Hi,

According to RFC 7553 §4.5, the Target field in URI RDATA is a "sequence
of octets":

   The RDATA for a URI RR consists of a 2-octet Priority field, a
   2-octet Weight field, and a variable-length Target field.

   Priority and Weight are unsigned integers in network byte order.

   The remaining data in the RDATA contains the Target field.  The
   Target field contains the URI as a sequence of octets (without the
   enclosing double-quote characters used in the presentation format).

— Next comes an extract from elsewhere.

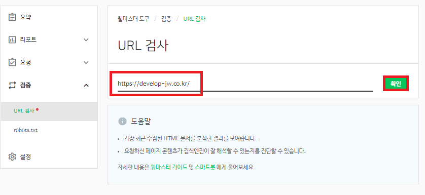 3. 웹마스터 도구 / 요약 페이지의 왼쪽 메뉴에서 검증 → URL검사를 클릭한다.

There doesn't seem to be any further information about how the sequence
of octets is encoded or decoded.  According to RFC 3986 §2,

   The URI syntax provides a method of encoding data, presumably for the
   sake of identifying a resource, as a sequence of characters.  The URI
   characters are, in turn, frequently encoded as octets for transport
   or presentation.  This specification does not mandate any particular
   character encoding for mapping between URI characters and the octets
   used to store or transmit those characters.  When a URI appears in a
   protocol element, the character encoding is defined by that protocol;
   without such a definition, a URI is assumed to be in the same
   character encoding as the surrounding text.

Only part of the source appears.